--- Data for the task Enclosed Below ---
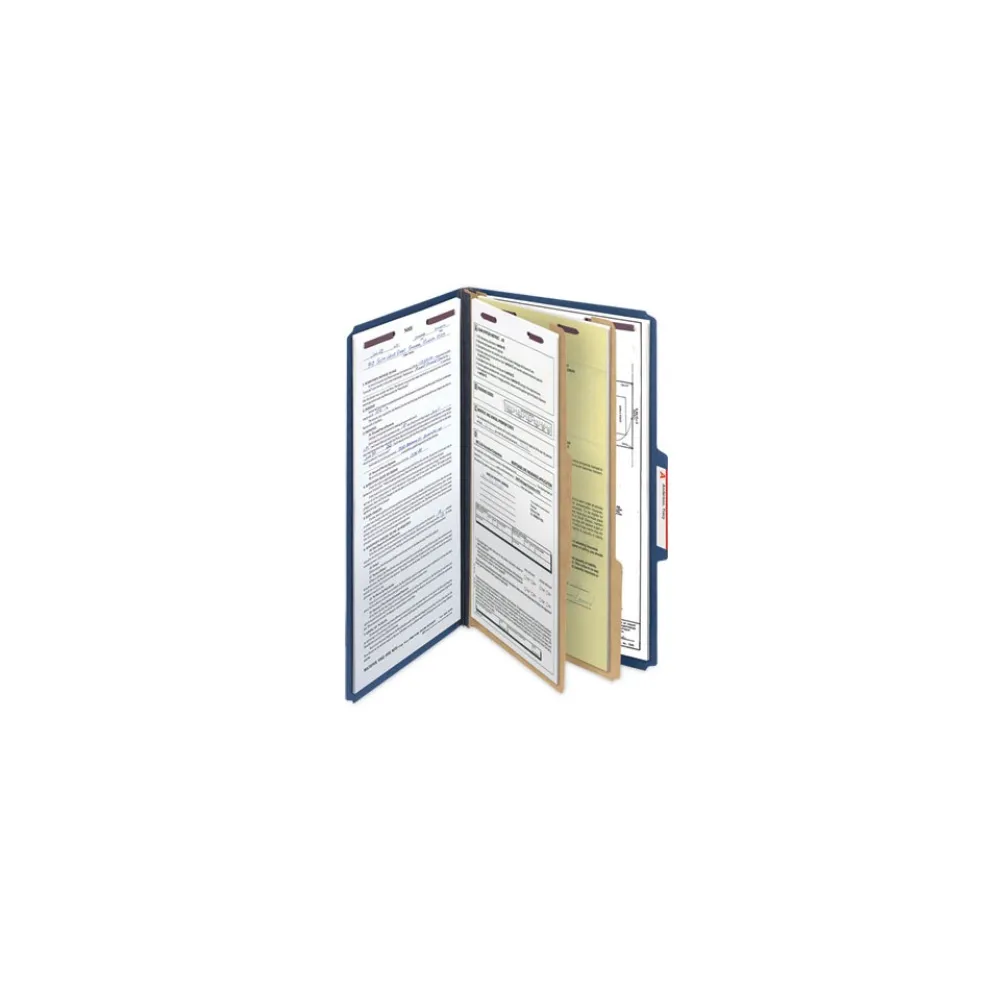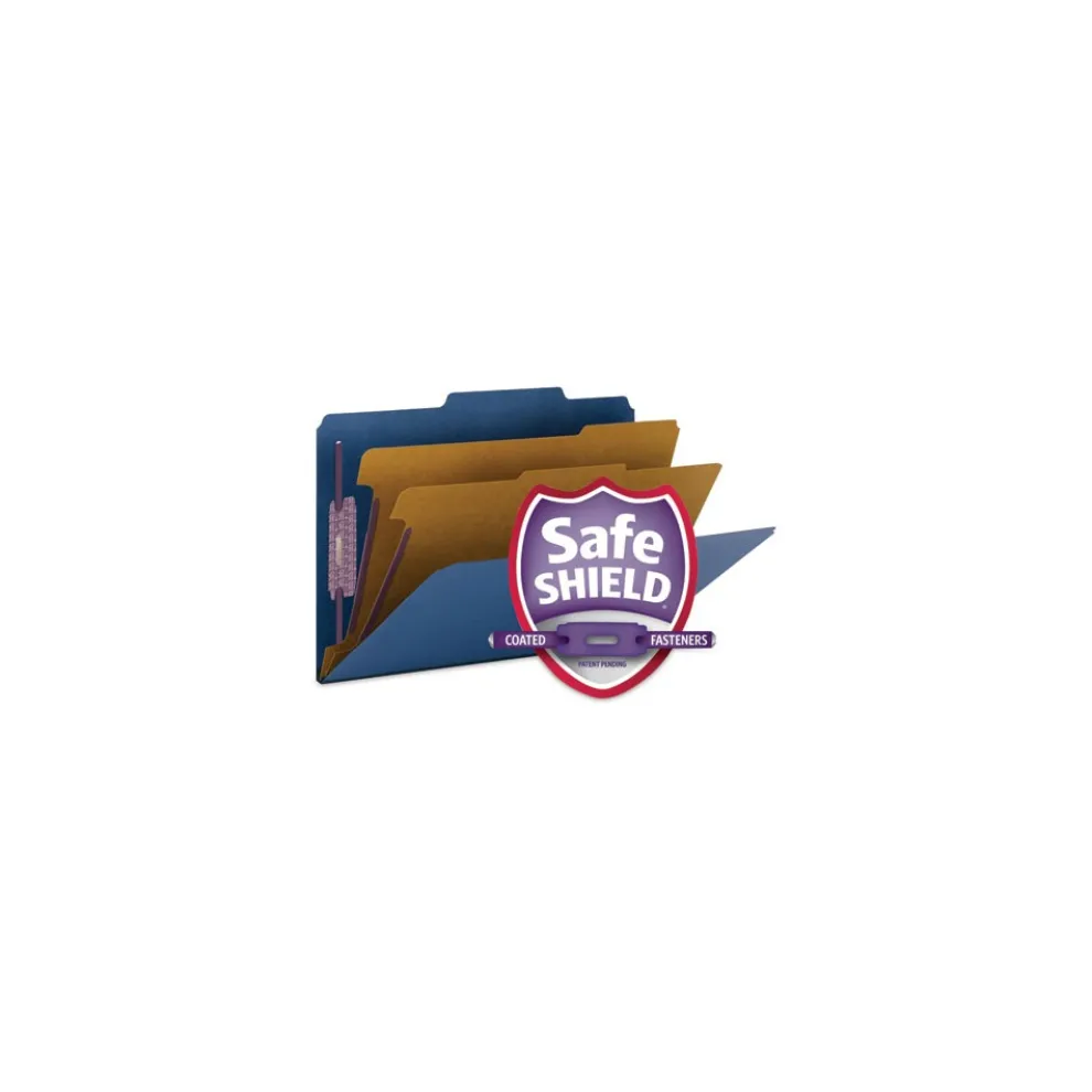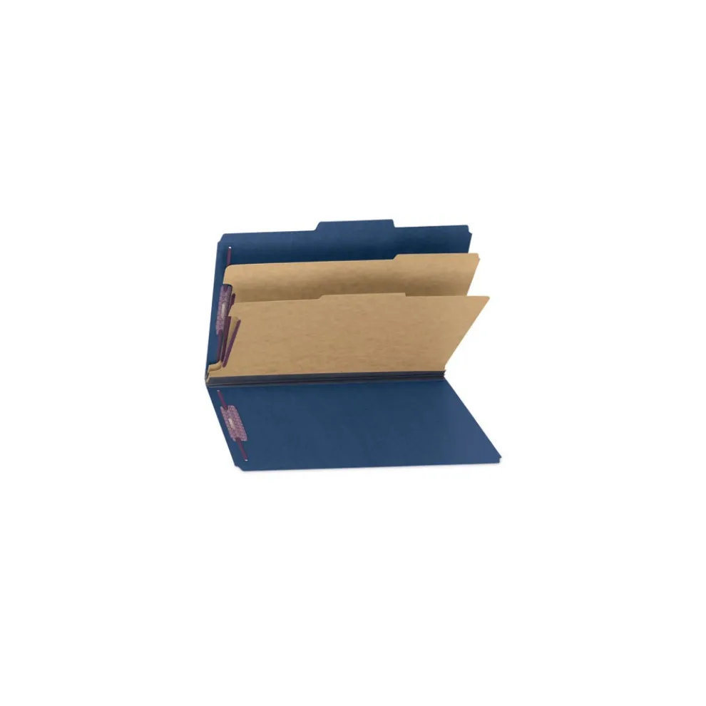 Smead 19035 Six SafeSHIELD Fasteners 2 Dividers Legal Size Six-Section Pressboard Top Tab Classification Folders – Dark Blue (10/Box)
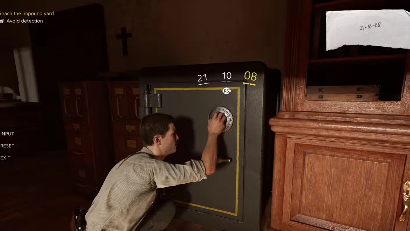 Далее открываем сейф на штрафстоянке в 3-й главе. Найти комбинацию от него можно в офисе слева. Вы найдёте документ на комоде в дальнем левом углу кабинета. В нём указан код — 21-10-08. Внутри будет 200 динар.
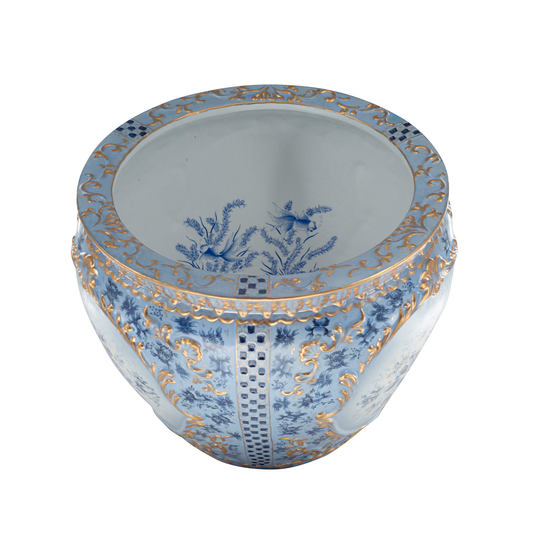 Jarrón Motivo Estilo Rococó en Azul Oscuro
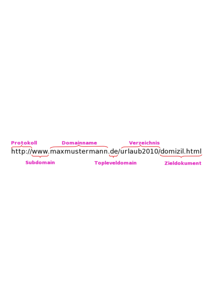 Die Domain besteht aus Domainname und Topleveldomain: die Domain gibt an, in welchem Netzwerk das Zieldokument zu finden ist.
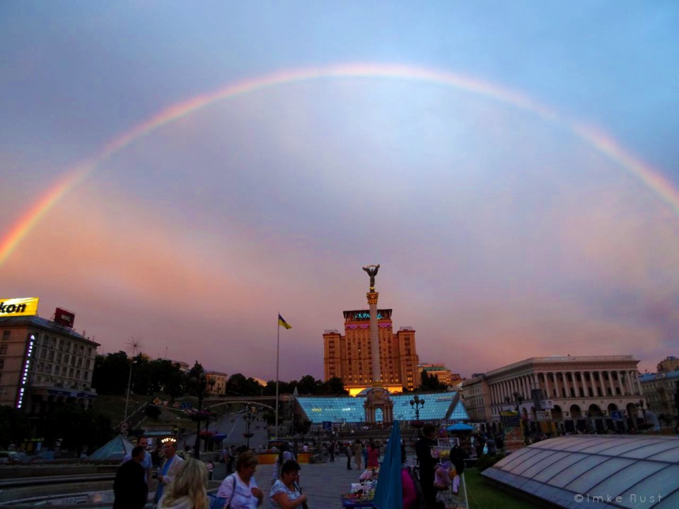 Looking at the hotel and a stunning rainbow over the Maidan, Kiev
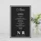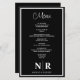 Dine in style with our Black and White Wedding Monogram Customised Rehearsal Dinner Menu, the perfect blend of elegance and personalisation for your special event. Crafted with meticulous attention to detail, these custom menus add a touch of sophistication to your rehearsal dinner, engagement party, or wedding reception.
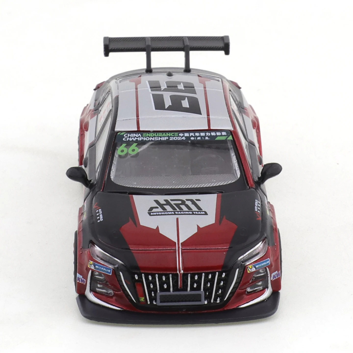 Immerse yourself in the thrill of racing with this meticulously crafted diecast model representing the Hongqi H6 Gr.2000T No.66-CEC 2024. Measuring approximately 1:64 scale, this model is a true collector's piece, showcasing sleek lines and detailed decals, including eye-catching green race numbers and sponsor logos. Its black body is accented by vivid red and white graphics, making it stand out on any display shelf. The front grille with vertical chrome-like slats, sculpted headlights, and air intake details mirror the real car’s aggressive styling. The clear windows reveal a realistic interior with seats and steering wheel, while the textured tires and red-accented black wheels complete the dynamic racing look. This model embodies sophistication, sportiness, and precision.
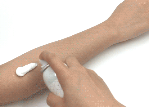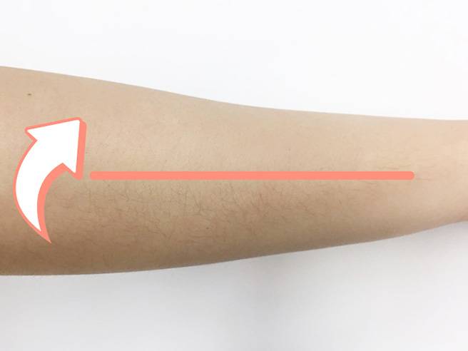 (더욱 확실한 비교 검증을 위해 털이 많은 팔에 시연했다)제모를 원하는 부위에 곧장 뿌린다.
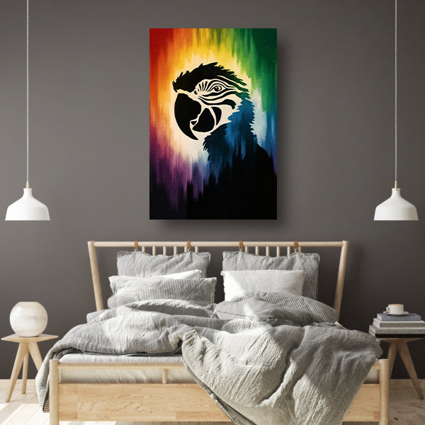 Kleurrijk papegaai silhouet met abstracte achtergrond canvas met baklijst
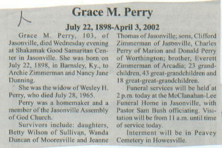 | Survived By | Daughters, Betty Wilson, Wanda Duncan, and Jeanne Thomas; sons, Clifford Zimmerman, Charles Perry, and Donald Perry; brother, Everett Zimmerman; 23 grandchildren; 43 great-grandchildren; 18 great-great-grandchildren. |
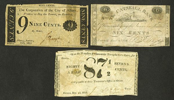 New York, Lot of 3 notes, includes 1). 1815, Corporation of the City of Albany, 9 cents, I/U, Fine to VF with tape repair on UR; 2). 1816, Catskill Bank, 6 cents, VG condition; 3). Otisco, NY. 1815, Hamilton & Skaneateles Turnpike Co., 87 1/2 cents scrip note, VG condition with large internal pre-printing paper fold. Scarce scrip note trio with rarely seen odd denominations.
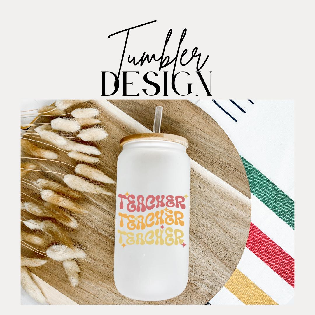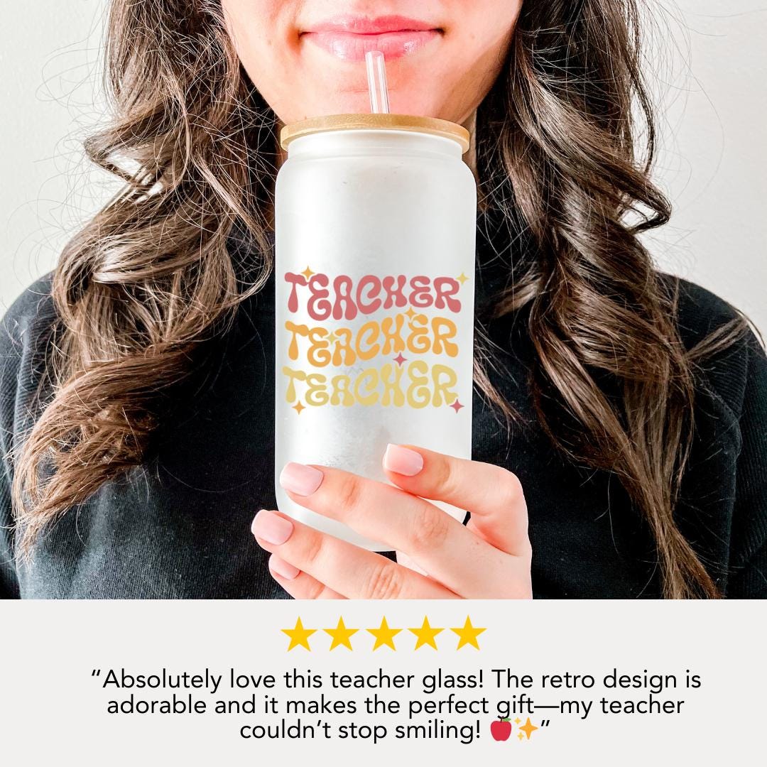 16 oz Frosted Glass Teacher with Bamboo Lid & Straw Cute Retro Teacher Gift Teacher Appreciation Gift Drinkware for Teacher Gift for Her
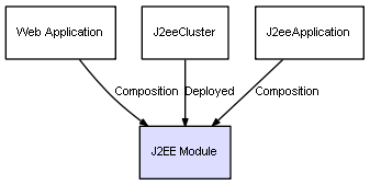 | J2eeApplication | J2EE Module | Composition | Represents a relation between 2 objects where one is contained within the other, and the included object can not exist without its container. Therefore, when the container is deleted, all its contained object will be automatically removed |
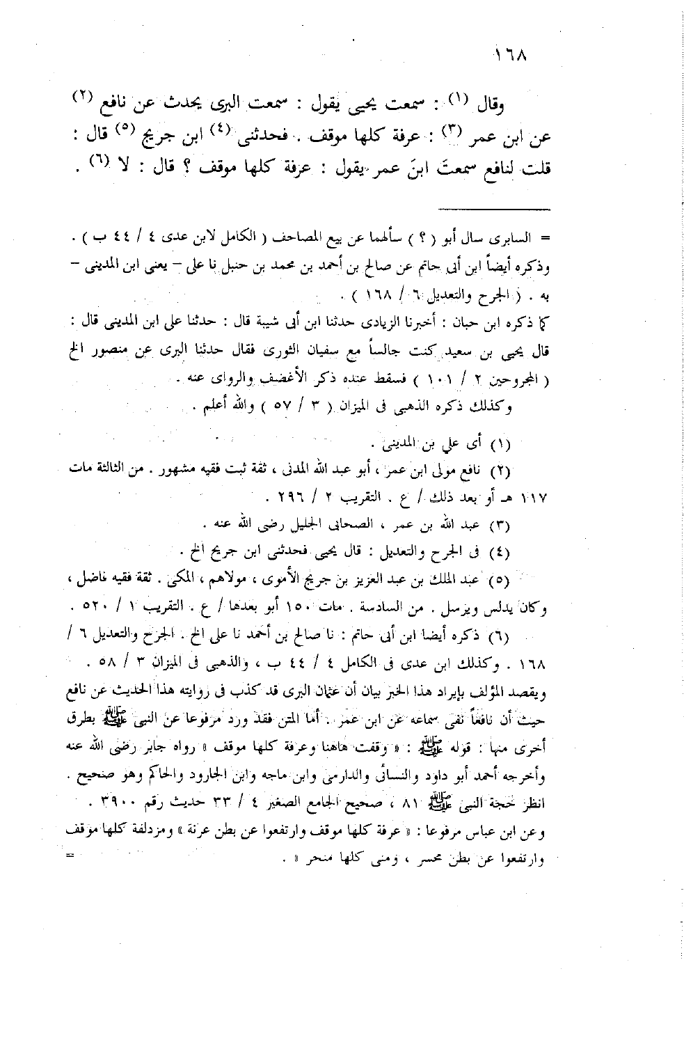 وقال سمعت يحيى يقول البري يحدث عن نافع عن ابن عمر عرفة كلها موقف فحدثني ابن جريج قال قلت لنافع سمعت ابن عمر يقول عرفة كلها موقف قال لا
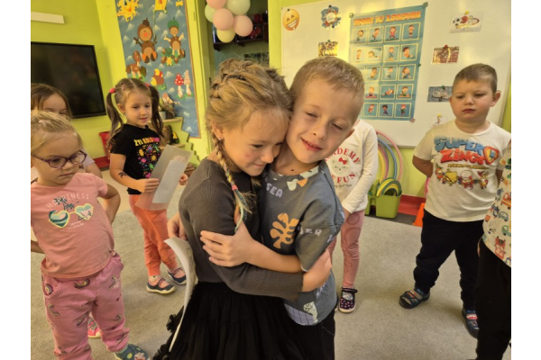 W piątek 29 września grupa 'Zajączki' żegnała koleżankę z grupy. Uściski, serdeczności oraz miłe słowa wypowiedziały dzieci do Oliwki. Kochana Oliwko raz jeszcze życzymy Ci wszystkiego najlepszego w nowym miejscu, bądź uśmiechnięta, radosna, rozwijaj zainteresowania i zdobywaj nowe doświadczenia ????
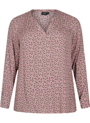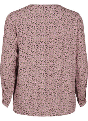 Elegant blouse with an all-over print and a V-neck. The blouse has long sleeves that fasten with a button and has a regular fit. This blouse contains 51% LENZING™ ECOVERO™ Viscose fibers, which support natural softness and drape.
--- End of Enclosed Data for the task ---
# What you should do:
In your copy, leave out the pictures and reproduce the material above exactly.

# Output:
 Smead 19035 Six SafeSHIELD Fasteners 2 Dividers Legal Size Six-Section Pressboard Top Tab Classification Folders – Dark Blue (10/Box)
 Далее открываем сейф на штрафстоянке в 3-й главе. Найти комбинацию от него можно в офисе слева. Вы найдёте документ на комоде в дальнем левом углу кабинета. В нём указан код — 21-10-08. Внутри будет 200 динар.
 Jarrón Motivo Estilo Rococó en Azul Oscuro
 Die Domain besteht aus Domainname und Topleveldomain: die Domain gibt an, in welchem Netzwerk das Zieldokument zu finden ist.
 Looking at the hotel and a stunning rainbow over the Maidan, Kiev
 Dine in style with our Black and White Wedding Monogram Customised Rehearsal Dinner Menu, the perfect blend of elegance and personalisation for your special event. Crafted with meticulous attention to detail, these custom menus add a touch of sophistication to your rehearsal dinner, engagement party, or wedding reception.
 Immerse yourself in the thrill of racing with this meticulously crafted diecast model representing the Hongqi H6 Gr.2000T No.66-CEC 2024. Measuring approximately 1:64 scale, this model is a true collector's piece, showcasing sleek lines and detailed decals, including eye-catching green race numbers and sponsor logos. Its black body is accented by vivid red and white graphics, making it stand out on any display shelf. The front grille with vertical chrome-like slats, sculpted headlights, and air intake details mirror the real car’s aggressive styling. The clear windows reveal a realistic interior with seats and steering wheel, while the textured tires and red-accented black wheels complete the dynamic racing look. This model embodies sophistication, sportiness, and precision.
 (더욱 확실한 비교 검증을 위해 털이 많은 팔에 시연했다)제모를 원하는 부위에 곧장 뿌린다.
 Kleurrijk papegaai silhouet met abstracte achtergrond canvas met baklijst
 | Survived By | Daughters, Betty Wilson, Wanda Duncan, and Jeanne Thomas; sons, Clifford Zimmerman, Charles Perry, and Donald Perry; brother, Everett Zimmerman; 23 grandchildren; 43 great-grandchildren; 18 great-great-grandchildren. |
 New York, Lot of 3 notes, includes 1). 1815, Corporation of the City of Albany, 9 cents, I/U, Fine to VF with tape repair on UR; 2). 1816, Catskill Bank, 6 cents, VG condition; 3). Otisco, NY. 1815, Hamilton & Skaneateles Turnpike Co., 87 1/2 cents scrip note, VG condition with large internal pre-printing paper fold. Scarce scrip note trio with rarely seen odd denominations.
 16 oz Frosted Glass Teacher with Bamboo Lid & Straw Cute Retro Teacher Gift Teacher Appreciation Gift Drinkware for Teacher Gift for Her
 | J2eeApplication | J2EE Module | Composition | Represents a relation between 2 objects where one is contained within the other, and the included object can not exist without its container. Therefore, when the container is deleted, all its contained object will be automatically removed |
 وقال سمعت يحيى يقول البري يحدث عن نافع عن ابن عمر عرفة كلها موقف فحدثني ابن جريج قال قلت لنافع سمعت ابن عمر يقول عرفة كلها موقف قال لا
 W piątek 29 września grupa 'Zajączki' żegnała koleżankę z grupy. Uściski, serdeczności oraz miłe słowa wypowiedziały dzieci do Oliwki. Kochana Oliwko raz jeszcze życzymy Ci wszystkiego najlepszego w nowym miejscu, bądź uśmiechnięta, radosna, rozwijaj zainteresowania i zdobywaj nowe doświadczenia ????
 Elegant blouse with an all-over print and a V-neck. The blouse has long sleeves that fasten with a button and has a regular fit. This blouse contains 51% LENZING™ ECOVERO™ Viscose fibers, which support natural softness and drape.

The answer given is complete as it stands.